The E-Privacy Regulation: What does it mean for your business?24 Jul 2017
In recent years, the world of communications has changed dramatically. There are now a range of ways with which we communicate electronically every day – including WhatsApp, Viber, IMessage and Skype – which did not exist at all a few years ago. Our willingness to embrace new technology and our demand for instant communications has therefore left the current law in this area out of date.
As such, the European Commission has proposed a new draft Regulation to deal with this change. As this is a Regulation, it will be directly applicable in all EU member states. Like the GDPR, the E-Privacy Regulation is due to enter force by 25 May 2018 so, despite Brexit, this is something businesses still need to care about.
Who does it apply to?
Similarly to the GDPR, the Regulation applies to all electronic communication services provided to end users resident in the EU (whether paid for or not). This means that the Regulation will apply to non-EU companies if users within the EU make use of their communication services.
What are the key changes?
- All electronic communications are confidential and any interference in electronic communications without consent (for the meaning of consent, see below) is now prohibited.

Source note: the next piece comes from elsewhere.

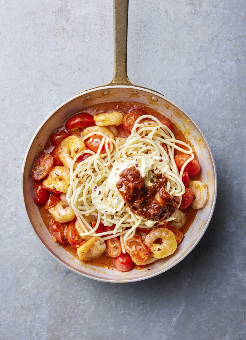 Heat the oil in a large frying pan over a high heat. Add the tomatoes, garlic and fennel seeds and season with salt. Cook until some of the tomatoes are starting to collapse and release their juices. Add the harissa and prawns and cook for 2-3 minutes. Add a couple of tablespoons of the reserved pasta water if the sauce is too thick. Season with salt and pepper. Add the pasta and gently toss together. Serve with the stracciatella over the top and extra harissa if desired, plus a sprinkle of chilli flakes.

- Information regarding the timing, location and duration of a call or message and any browsing history needs to be anonymised or deleted if retention consent hasn’t been provided by the individual, unless the data is required for a set and justifiable purpose e.g. billing.

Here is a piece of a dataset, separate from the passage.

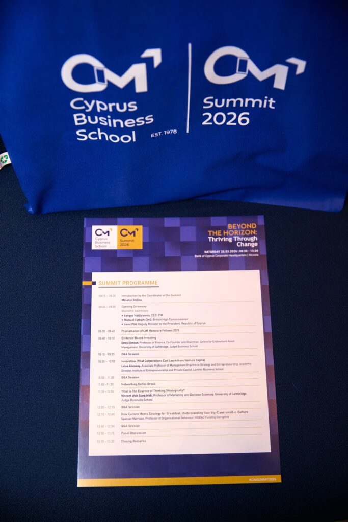 The CIM Summit 2026 is a reference point in the field of Business in Cyprus and in Europe. The CIM Summit is organised on an annual basis and aims to provide the opportunity to Cypriot firms to be informed about the latest developments in the areas of Marketing and Management. World-renowned academics from Europe’s leading Business Schools attend and share their knowledge with attendees representing the leading companies of Cyprus and Europe.

- Prohibition on accessing information held by the user’s electronic equipment, e.g. a tablet or mobile phone. If the provider wants to access such information, consent will be required.
- In respect of e-marketing, the current protections remain mainly the same. A new rule means that marketing callers may not block their caller ID or, if they do block such ID, they must still use an identifying number.

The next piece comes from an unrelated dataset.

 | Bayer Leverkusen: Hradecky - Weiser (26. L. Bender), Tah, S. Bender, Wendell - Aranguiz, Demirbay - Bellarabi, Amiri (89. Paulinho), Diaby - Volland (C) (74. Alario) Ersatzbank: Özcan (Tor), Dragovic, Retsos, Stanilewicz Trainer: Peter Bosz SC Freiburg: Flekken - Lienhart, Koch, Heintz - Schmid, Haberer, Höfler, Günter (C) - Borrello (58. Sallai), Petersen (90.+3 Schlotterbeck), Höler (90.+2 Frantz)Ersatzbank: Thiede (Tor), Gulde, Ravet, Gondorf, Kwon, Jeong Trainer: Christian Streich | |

What are the penalties for non-compliance?
Failure to comply with the Regulation could result in eye watering fines of up to €20,000,000 or 4% of annual worldwide turnover (whichever is higher).
For the purpose of the Regulation, consent means the same as under the GDPR, and must be “freely given, specific, informed and unambiguous”. This is a high threshold that can be difficult to achieve.
It is important that businesses begin reviewing the scope of their e-communications and marketing activities and determine whether any of the changes to be introduced by the Regulation will affect their business. As the potential penalties for failure to comply with the Regulation are high, businesses should begin preparation for the changes to be introduced by the Regulation as early as possible.